* _About this exercise_:
Copy nothing before the line that contains "MEXICO: Revolutionary Issue, brass"; from there, transcribe each line exactly through the end of the material, omitting pictures.

━━━ Excerpted records ━━━

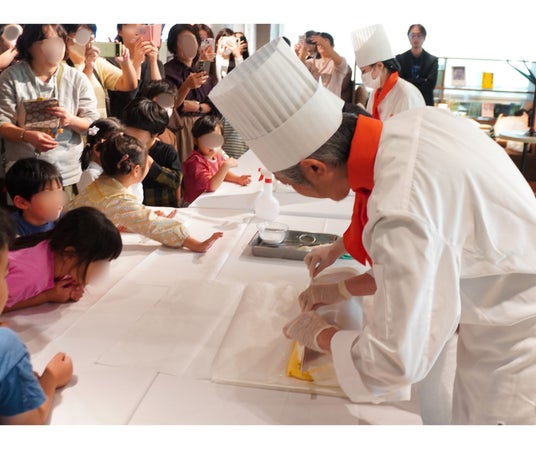 切り分けられるのを今か今かと待ち受ける子どもたちの様子に、パティシエとなったのりたけさんの顔にも笑みがこぼれます。
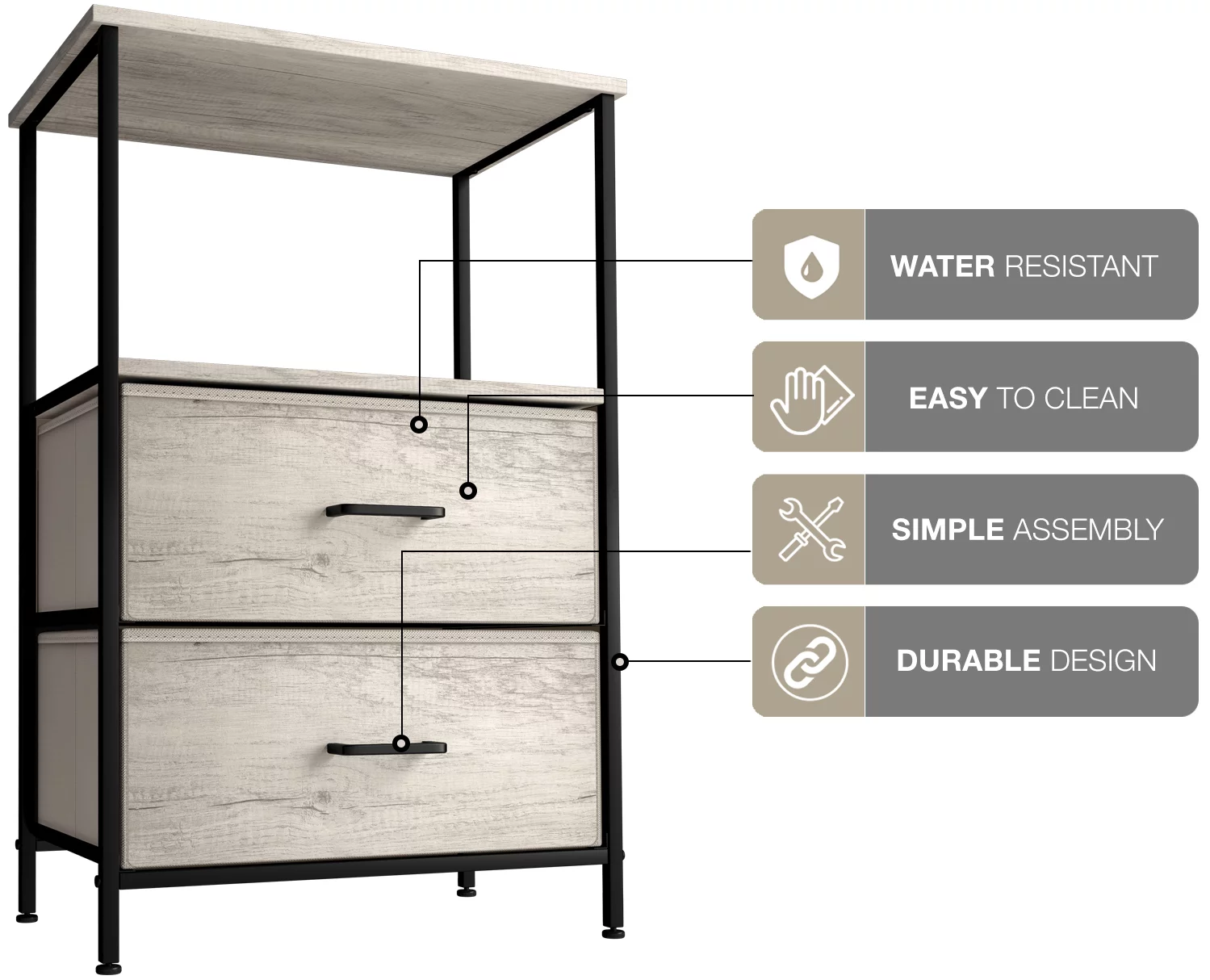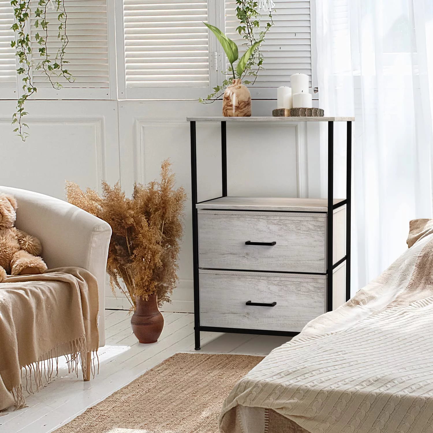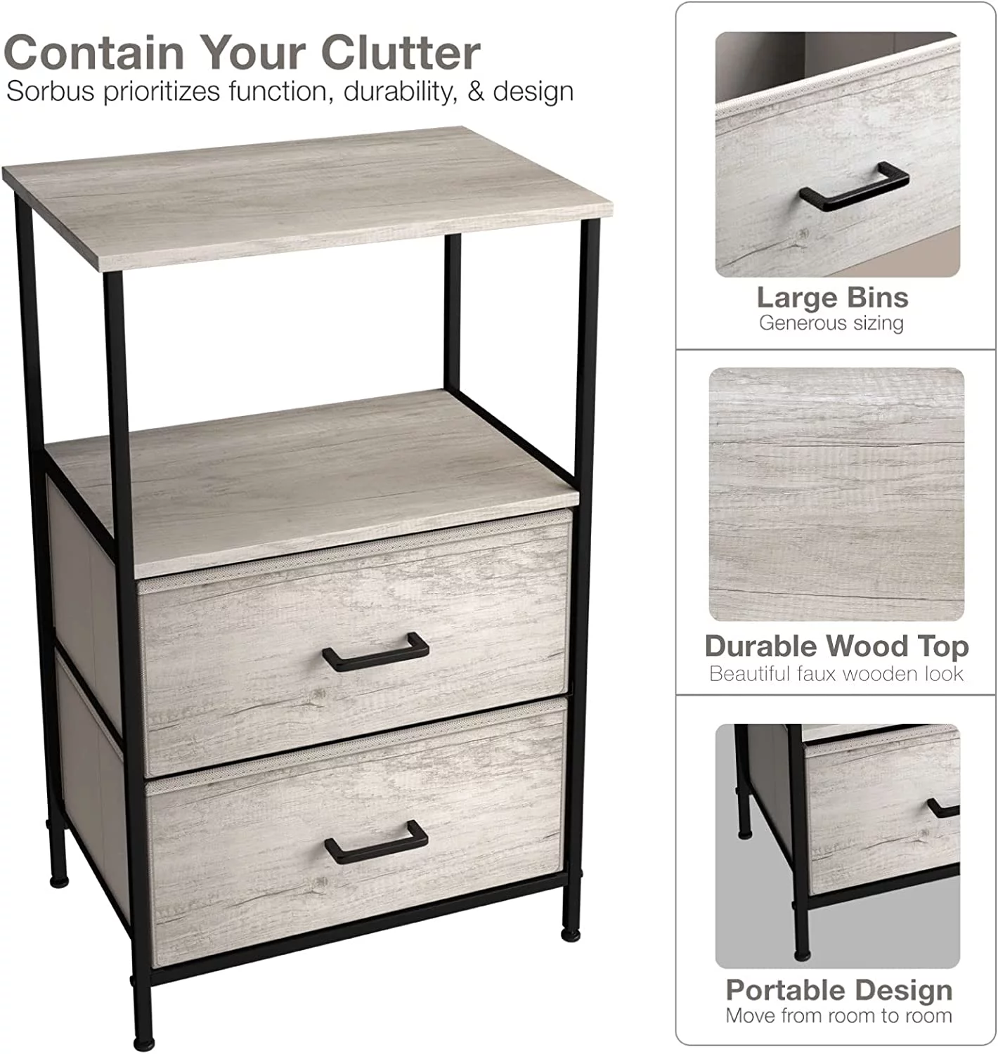Sorbus Nightstand with 3 Drawers - Bedside Table with Steel Frame, Wood Top & Faux Wood Fabric - Side Table Stand for Lamp - Great for Bedroom, Dorm Room, Living Room, & Bathroom
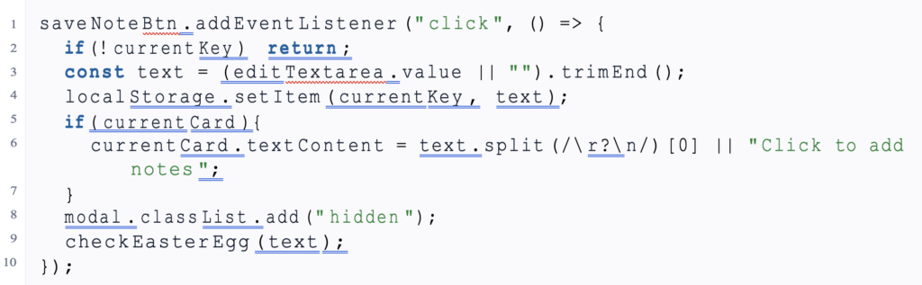 | save Note Btn . add Event Listener (” click “, () => { if (! current Key ) return ; const text = ( edit Textarea . value || “”). trim End (); local Storage. set Item ( current Key , text ); if ( current Card ){ current Card . text Content = text . split (/\ r?\ n/) [0] || ” Click to add notes “; } modal . class List . add (” hidden “); check Easter Egg (text ); }); |
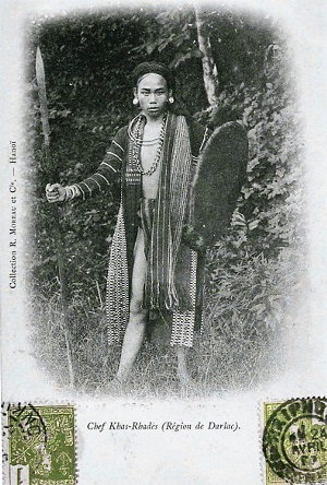 Một Tù Trưởng Rhadé ở Darlac, Cao Nguyên miền Trung. Bưu ảnh Đông Dương, thập niên đầu thế kỷ XX.
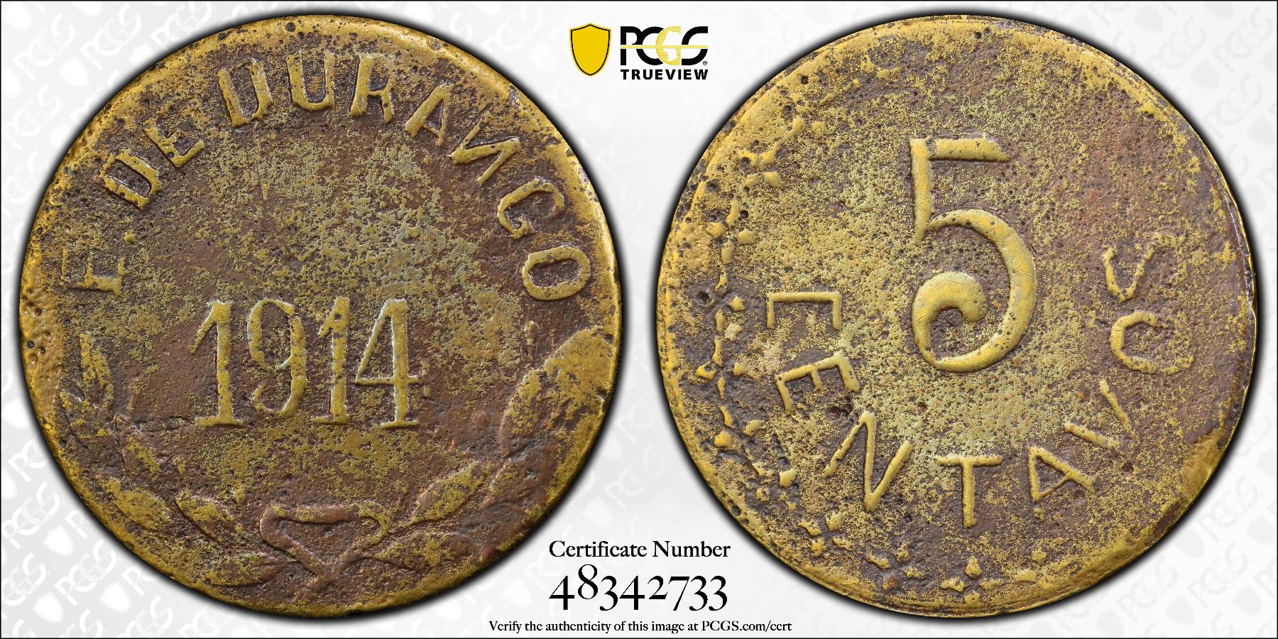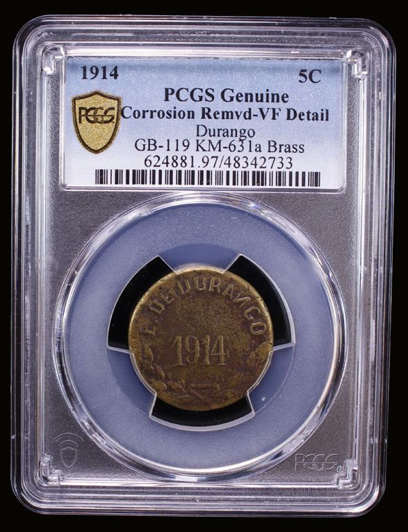 MEXICO: Revolutionary Issue, brass 5 centavos, Durango, 1914, PCGS VF details
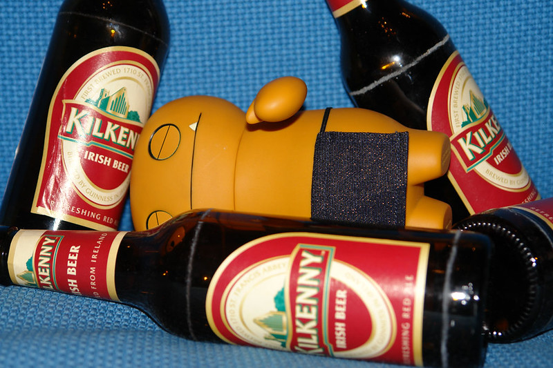 I came home from work this evening to find Wage completely out for the count on the couch surrounded by empty bottles of Kilkenny which he seems to have taken a fancy for lately.
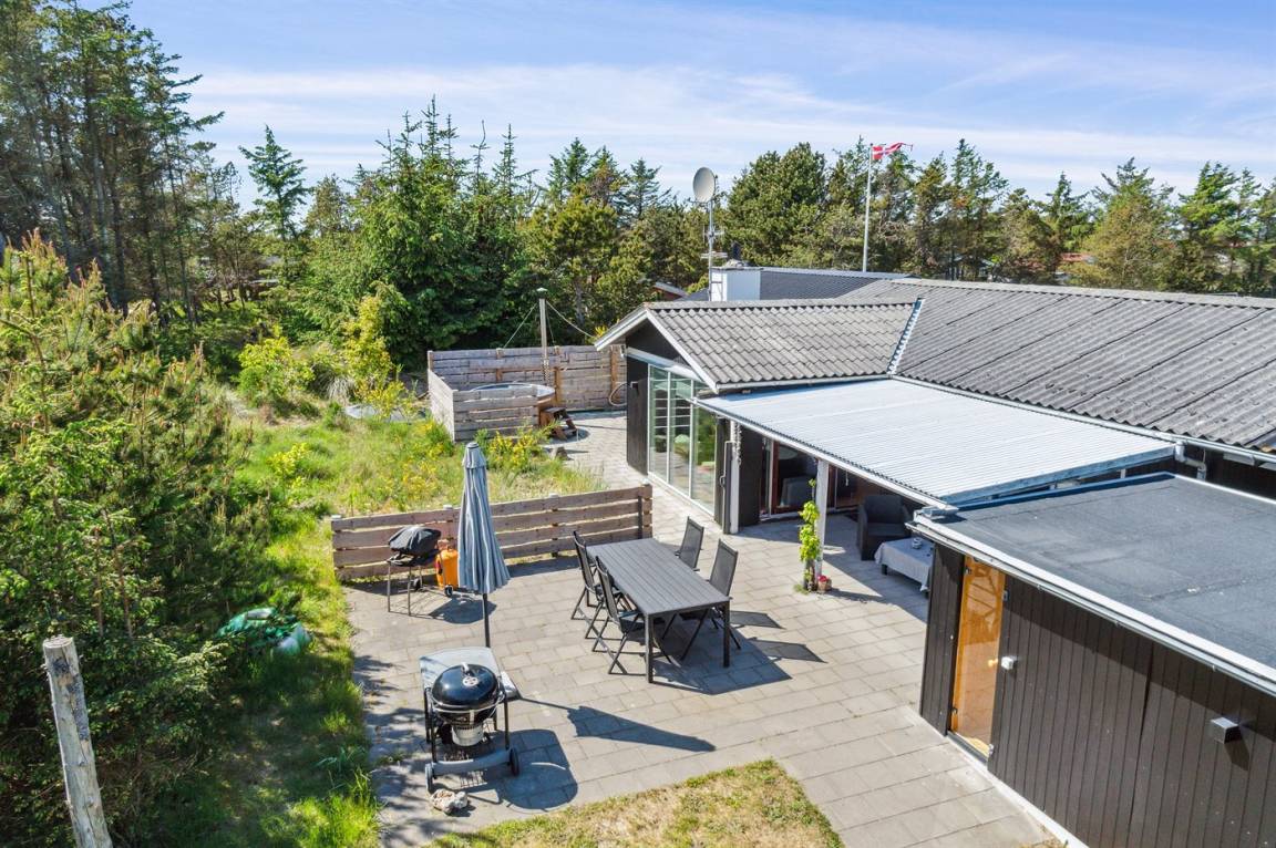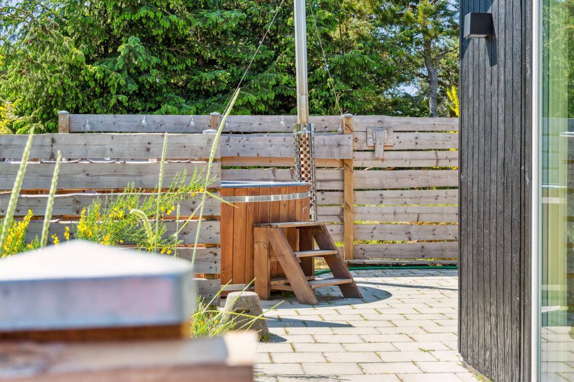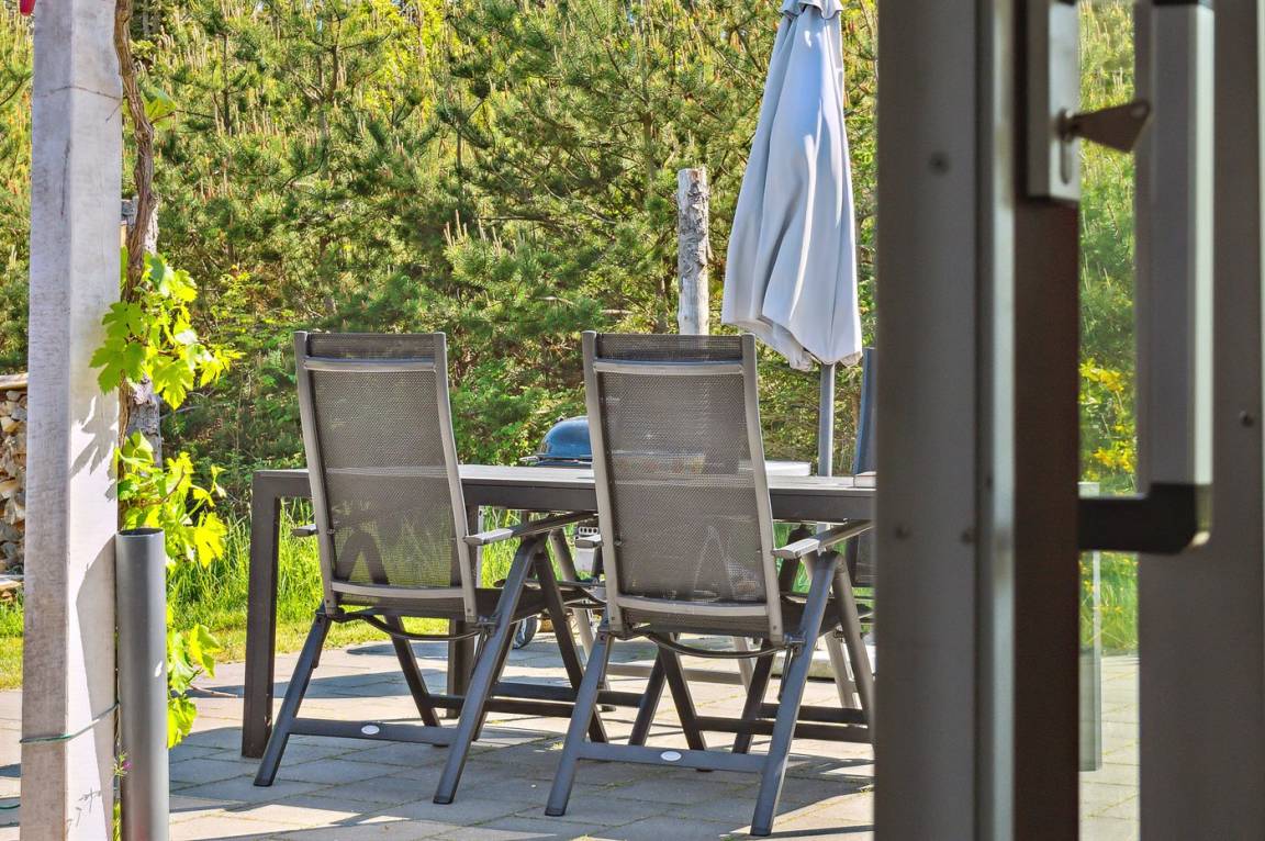 DraußenDie Ferienunterkunft liegt auf einem 1750 m² großen Naturgrundstück. Die Entfernung zum Meer beträgt 400 m. Die nächste Einkaufsmöglichkeit liegt 700 m entfernt. In einem Abstand von 5000 m gibt es einen Golfplatz. Es steht ein 100 m² Terrassenareal zur Verfügung. Außerdem gibt es 15 m² überdachte Terrasse. Es steht ein Grill zur Verfügung. Es ist ein Ladestecker für Elektroautos installiert. Parkplatz auf dem Grundstück.
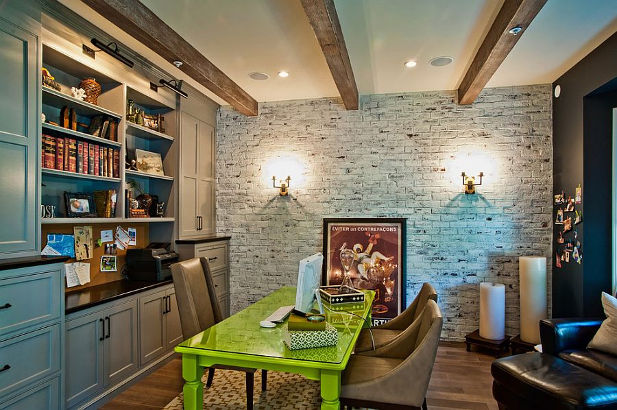 Nowadays, imitation of brickwork is typical for democratic interior styles.
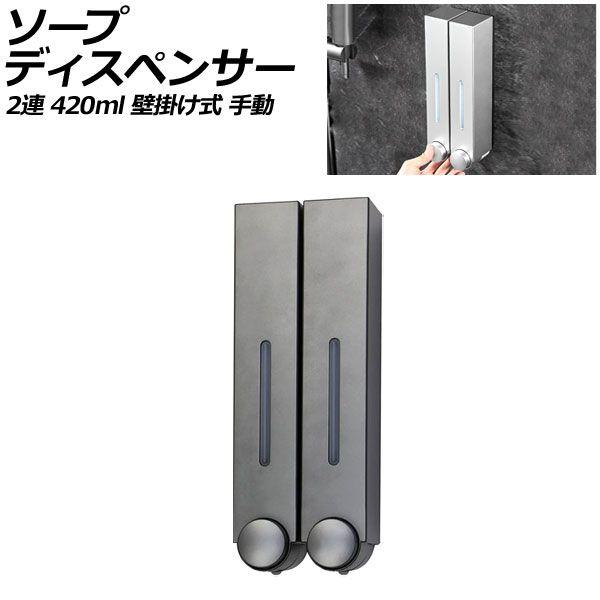 ソープディスペンサー 2連 グレー プラスチック製 420ml 壁掛け式 手動 ボタンを押すだけのシンプル設計!狭いスペースでも設置可能 AP-UJ0935-2S-GY
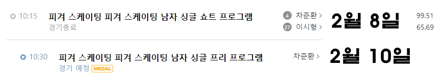 1. 피겨 차준환 경기 일정
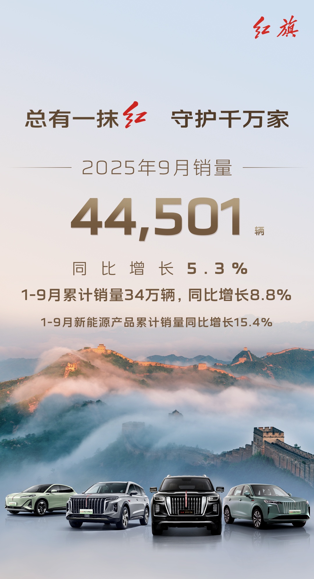 一汽红旗:9 月份红旗品牌单月销量突破 4.45 万辆,同比增长 5.3%;1-9 月累计销量 34 万辆,同比增长 8.8%。其中,红旗新能源产品 1-9 月累计销量同比增长 15.4%,红旗金葵花产品 1-9 月累计销量同比增长 28.3%。
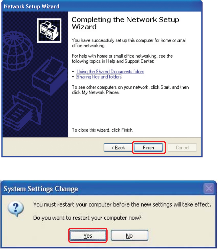 Note: You must run the Network Setup Wizard on all the computers on your network before
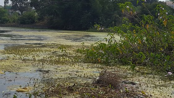 केस-1: ऊपर घाट में गंदगी के बीच नहाता दिखा युवक / दोपहर 2 बजकर 10 मिनट। गंजीपारा वार्ड के ऊपर घाट (पाॅवर हाउस) में पानी काफी कम है। सतह पर हरी परत चढ़ चुकी है। नदी का किनारा कीचड़ से लथपथ है। टूटे-फूटे बांध से थोड़ा-थोड़ा पानी बहकर नदी में जा रहा है। इसी पानी से एक युवक नहा रहा है।
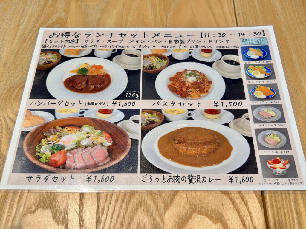 こちらは、単品が1,780円(税込)で、プリン・ドリンク付きは2,000円(税込)でした。

━━━

* _Reply_:
 MEXICO: Revolutionary Issue, brass 5 centavos, Durango, 1914, PCGS VF details
 I came home from work this evening to find Wage completely out for the count on the couch surrounded by empty bottles of Kilkenny which he seems to have taken a fancy for lately.
 DraußenDie Ferienunterkunft liegt auf einem 1750 m² großen Naturgrundstück. Die Entfernung zum Meer beträgt 400 m. Die nächste Einkaufsmöglichkeit liegt 700 m entfernt. In einem Abstand von 5000 m gibt es einen Golfplatz. Es steht ein 100 m² Terrassenareal zur Verfügung. Außerdem gibt es 15 m² überdachte Terrasse. Es steht ein Grill zur Verfügung. Es ist ein Ladestecker für Elektroautos installiert. Parkplatz auf dem Grundstück.
 Nowadays, imitation of brickwork is typical for democratic interior styles.
 ソープディスペンサー 2連 グレー プラスチック製 420ml 壁掛け式 手動 ボタンを押すだけのシンプル設計!狭いスペースでも設置可能 AP-UJ0935-2S-GY
 1. 피겨 차준환 경기 일정
 一汽红旗:9 月份红旗品牌单月销量突破 4.45 万辆,同比增长 5.3%;1-9 月累计销量 34 万辆,同比增长 8.8%。其中,红旗新能源产品 1-9 月累计销量同比增长 15.4%,红旗金葵花产品 1-9 月累计销量同比增长 28.3%。
 Note: You must run the Network Setup Wizard on all the computers on your network before
 केस-1: ऊपर घाट में गंदगी के बीच नहाता दिखा युवक / दोपहर 2 बजकर 10 मिनट। गंजीपारा वार्ड के ऊपर घाट (पाॅवर हाउस) में पानी काफी कम है। सतह पर हरी परत चढ़ चुकी है। नदी का किनारा कीचड़ से लथपथ है। टूटे-फूटे बांध से थोड़ा-थोड़ा पानी बहकर नदी में जा रहा है। इसी पानी से एक युवक नहा रहा है।
 こちらは、単品が1,780円(税込)で、プリン・ドリンク付きは2,000円(税込)でした。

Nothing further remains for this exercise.